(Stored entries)
↓↓↓

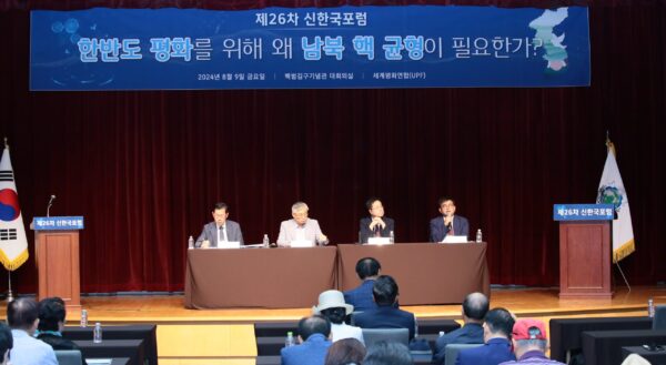 UPF(Universal Peace Federation, 세계평화연합, 세계의장 양창식)는 세종연구소 정성장 한반도전략센터장을 초청한 가운데 ‘한반도 평화를 위해 왜 남북 핵 균형이 필요한가’라는 주제로 ‘제26차 신한국포럼’을 8월 9일(금) 백범김구기념관 대회의실에서 진행하였다.
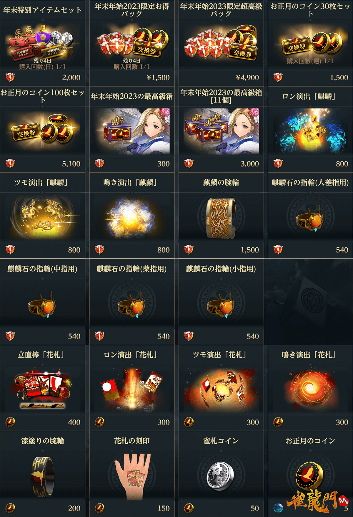 さらに、昨年開催されたイベント「雀龍門M年末年始イベント」のアイテムを購入できる復刻ショップが2023年1月1日より登場します!
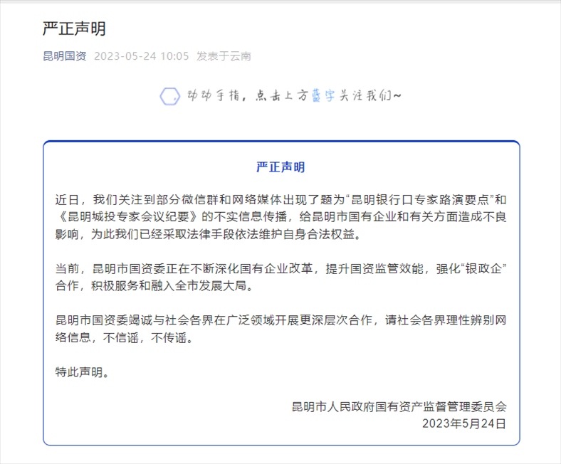 ·昆明市國資委發(fā)布聲明,“昆明銀行口專家路演要點”和《昆明城投專家會議紀要》不實。
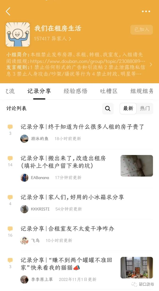 这样的吐槽和求助帖,在豆瓣平台“我们在租房生活”小组里随处可见。该小组已经聚集了15万余人,大多是95后大学毕业生、年轻的小情侣和打工人。
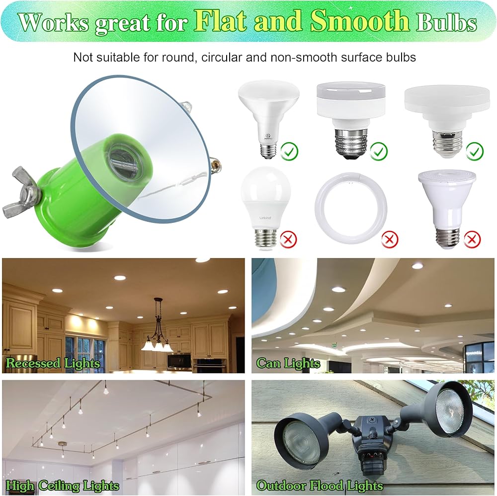 Suitable for mostly flat and smooth light bulbs such as recessed lights, canned lighting, track lighting, flood lights, LED light bulbs, high ceiling light bulbs and other indoor outdoor light bulb.
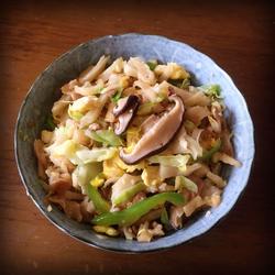 6. Add oil to the pot and add the marinated minced meat.Stir-fry, add the cooked mushrooms, add a little mushroom water and stir-fry until the meat changes color and is cooked.Add the cut pancake strips, add mushroom water and simmer.Add shredded cabbage and stir-fry.Add a little light soy sauce and black pepper according to your own taste.Finally add the scrambled eggs and green pepper, stir-fry again.

↑↑↑

PROBLEM DESCRIPTION: The lines from the top of the data above through the one holding "这样的吐槽和求助帖,在豆瓣平" are to be repeated exactly, and only those, with no pictures.

WRITTEN SOLUTION:
 UPF(Universal Peace Federation, 세계평화연합, 세계의장 양창식)는 세종연구소 정성장 한반도전략센터장을 초청한 가운데 ‘한반도 평화를 위해 왜 남북 핵 균형이 필요한가’라는 주제로 ‘제26차 신한국포럼’을 8월 9일(금) 백범김구기념관 대회의실에서 진행하였다.
 さらに、昨年開催されたイベント「雀龍門M年末年始イベント」のアイテムを購入できる復刻ショップが2023年1月1日より登場します!
 ·昆明市國資委發(fā)布聲明,“昆明銀行口專家路演要點”和《昆明城投專家會議紀要》不實。
 这样的吐槽和求助帖,在豆瓣平台“我们在租房生活”小组里随处可见。该小组已经聚集了15万余人,大多是95后大学毕业生、年轻的小情侣和打工人。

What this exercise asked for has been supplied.